— Prompt —
Please give the lines below again exactly as they stand, from the one that contains "Culiacán, Sinaloa, 13" up to and including the one that contains "Are you wondering", leaving all pictures out.

** Extracted information follows **

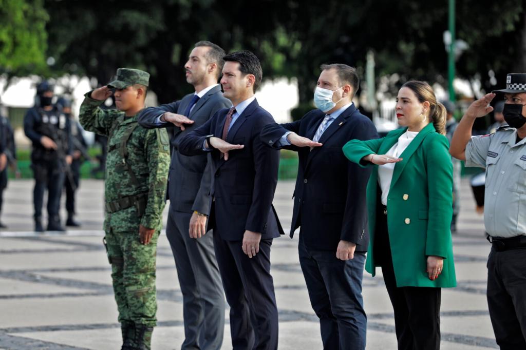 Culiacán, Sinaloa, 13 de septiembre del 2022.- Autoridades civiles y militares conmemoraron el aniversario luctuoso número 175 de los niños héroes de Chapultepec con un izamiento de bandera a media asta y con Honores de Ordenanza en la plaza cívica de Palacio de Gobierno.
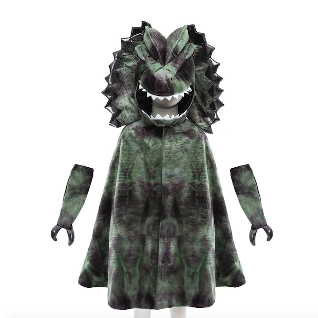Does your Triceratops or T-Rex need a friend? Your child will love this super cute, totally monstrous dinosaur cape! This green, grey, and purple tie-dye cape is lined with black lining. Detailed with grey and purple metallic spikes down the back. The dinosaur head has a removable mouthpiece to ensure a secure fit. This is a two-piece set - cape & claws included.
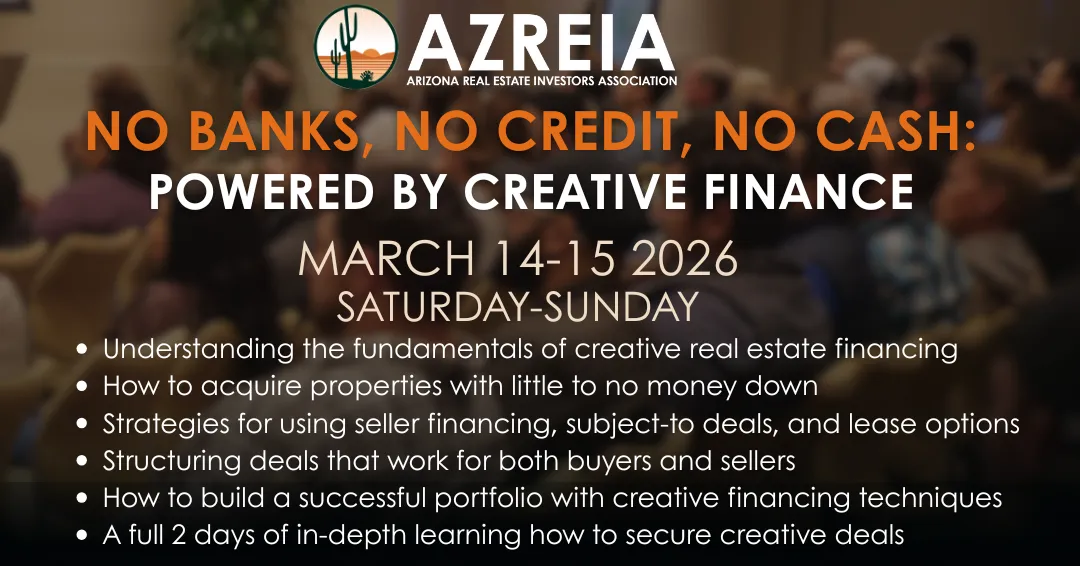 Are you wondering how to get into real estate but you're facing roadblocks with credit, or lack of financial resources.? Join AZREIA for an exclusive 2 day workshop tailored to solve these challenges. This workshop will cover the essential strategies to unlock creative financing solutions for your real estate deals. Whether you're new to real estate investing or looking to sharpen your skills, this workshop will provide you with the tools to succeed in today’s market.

** End of Extracted information **
** Extracted information follows **

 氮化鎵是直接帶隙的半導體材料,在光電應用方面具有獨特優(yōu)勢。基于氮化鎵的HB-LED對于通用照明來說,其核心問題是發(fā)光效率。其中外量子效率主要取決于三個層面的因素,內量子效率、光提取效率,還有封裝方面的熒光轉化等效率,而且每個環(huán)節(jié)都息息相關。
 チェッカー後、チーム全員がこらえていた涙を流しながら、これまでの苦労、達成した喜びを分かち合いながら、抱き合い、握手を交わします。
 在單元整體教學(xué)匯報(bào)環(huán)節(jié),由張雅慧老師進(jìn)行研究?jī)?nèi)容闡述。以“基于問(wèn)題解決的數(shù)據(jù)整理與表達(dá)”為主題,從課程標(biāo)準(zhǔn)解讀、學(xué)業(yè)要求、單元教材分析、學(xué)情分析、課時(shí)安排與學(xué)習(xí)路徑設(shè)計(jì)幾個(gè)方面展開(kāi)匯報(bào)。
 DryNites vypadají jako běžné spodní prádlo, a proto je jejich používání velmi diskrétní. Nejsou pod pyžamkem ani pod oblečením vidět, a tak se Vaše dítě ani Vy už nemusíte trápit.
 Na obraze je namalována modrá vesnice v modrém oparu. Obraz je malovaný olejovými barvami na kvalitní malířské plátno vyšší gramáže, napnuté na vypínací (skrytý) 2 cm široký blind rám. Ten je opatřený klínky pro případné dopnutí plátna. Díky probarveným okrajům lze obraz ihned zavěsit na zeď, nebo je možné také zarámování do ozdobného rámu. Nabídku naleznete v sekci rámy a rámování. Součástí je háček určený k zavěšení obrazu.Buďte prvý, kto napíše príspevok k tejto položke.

** End of Extracted information **
** Extracted information follows **

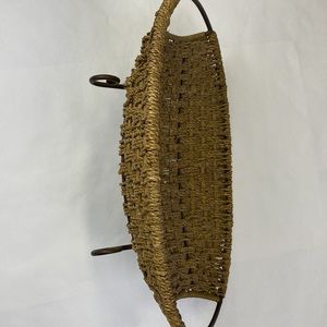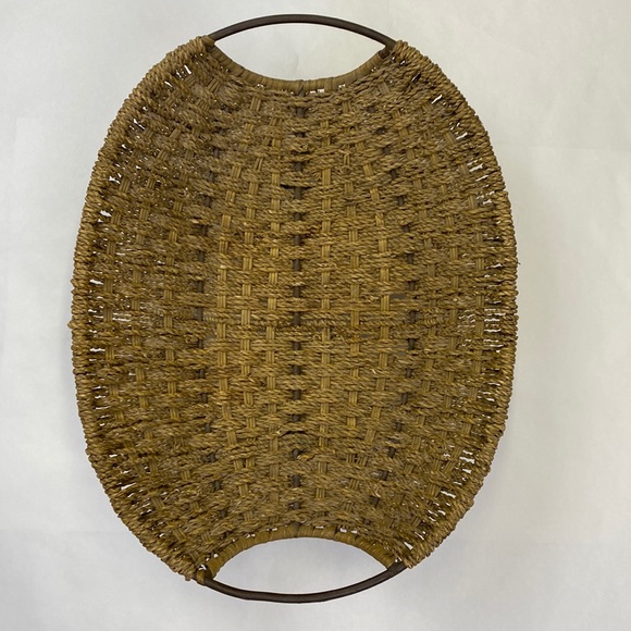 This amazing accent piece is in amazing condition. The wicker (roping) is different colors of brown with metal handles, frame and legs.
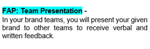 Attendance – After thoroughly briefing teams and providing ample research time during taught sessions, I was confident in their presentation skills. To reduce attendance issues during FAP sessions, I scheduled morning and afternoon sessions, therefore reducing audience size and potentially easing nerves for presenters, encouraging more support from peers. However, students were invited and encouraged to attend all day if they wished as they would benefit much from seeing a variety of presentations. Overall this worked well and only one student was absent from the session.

** End of Extracted information **

— The completed task —
 Culiacán, Sinaloa, 13 de septiembre del 2022.- Autoridades civiles y militares conmemoraron el aniversario luctuoso número 175 de los niños héroes de Chapultepec con un izamiento de bandera a media asta y con Honores de Ordenanza en la plaza cívica de Palacio de Gobierno.
Does your Triceratops or T-Rex need a friend? Your child will love this super cute, totally monstrous dinosaur cape! This green, grey, and purple tie-dye cape is lined with black lining. Detailed with grey and purple metallic spikes down the back. The dinosaur head has a removable mouthpiece to ensure a secure fit. This is a two-piece set - cape & claws included.
 Are you wondering how to get into real estate but you're facing roadblocks with credit, or lack of financial resources.? Join AZREIA for an exclusive 2 day workshop tailored to solve these challenges. This workshop will cover the essential strategies to unlock creative financing solutions for your real estate deals. Whether you're new to real estate investing or looking to sharpen your skills, this workshop will provide you with the tools to succeed in today’s market.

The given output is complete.